This openness is one of the most fascinating and strange aspects of The Act of Killing. It takes a while to realise that we, the filmmakers and Anwar himself are in a bubble, an echo chamber of self-justification. The media and government are on Anwar’s side, as his side won, and decades down the line they are still in power, still shaking down the population for protection money, their version of history officially endorsed over the years. We hear the line ‘gangster means free man’ over and over again from different sources, reinforcing the idea that the military, and paramilitary (The Pancasila Youth), were the country’s saviours. It would never occur to them to be cagey about admitting to rape and murder, because they have come to believe their own bullshit.

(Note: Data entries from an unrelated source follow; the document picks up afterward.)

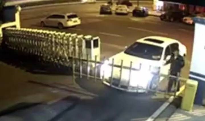 蔣某找到車子備用鑰匙後,居然開車直接來到派出所門口,執勤保安了解情況後,沒有同意蔣某進入,蔣某竟駕駛保時捷直接撞擊。
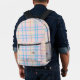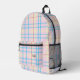 Pink & Blue Plaid Tartan Check Monogram Initials Printed Backpack
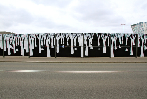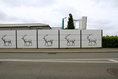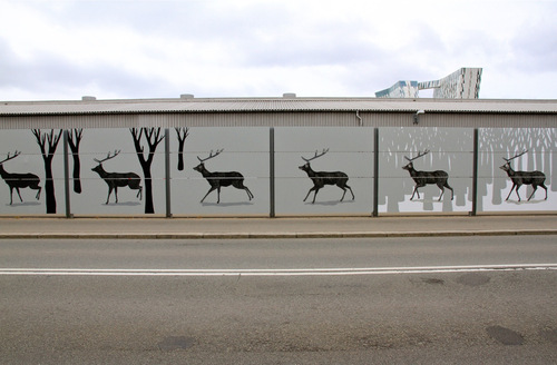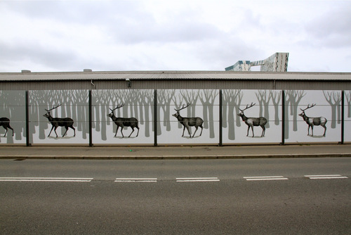 La artista urbana Hyuro ha creado este mural en Copenhagen con un alce en diferentes posiciones. Pareciera que el trabajo de Hyuro es ordinario pero se trata de una tira animada, quien observe el mural desde su auto en movimiento podrá ver caminar al alce a través de un bosque.

The viewer, however, becomes alert for hints of the counter-story, the body language of unease, the true emotion bursting through the artifice. We watch the squirming of an ‘actor’ around the ex-death squad in a movie studio as he raises the subject of his stepdad’s abduction and murder, and then jumps through hoops to avoid implying that the death was anything other than justified. We see the TV engineers in the back room discussing Anwar: ‘He must have killed a thousand people… How does he sleep at night?’

Badly, it turns out, for Anwar suffers nightmares, and it’s a large part of the film’s power that he does so. He may voice the self-serving bluster like the rest of the boys most of the time, but something in his body is rebelling, sending him into dry heaves on the rooftop where he killed in 65, sending him into some kind of nervous attack when he tries to re-enact another torture scene. Over the length of the film we follow his halting progress towards the idea that, in murdering countless people on little or no evidence of wrongdoing, he might have done a bad thing. He agonises over this idea, so simple for us to understand. At first, he watches the rushes of yesterday’s barbarism only to criticise his choice of pants, and to realise that he needs to dye his hair, calling in his kids to watch, but later he looks distinctly queasy. In his moments of realisation The Act of Killing reaches its moments of transcendence.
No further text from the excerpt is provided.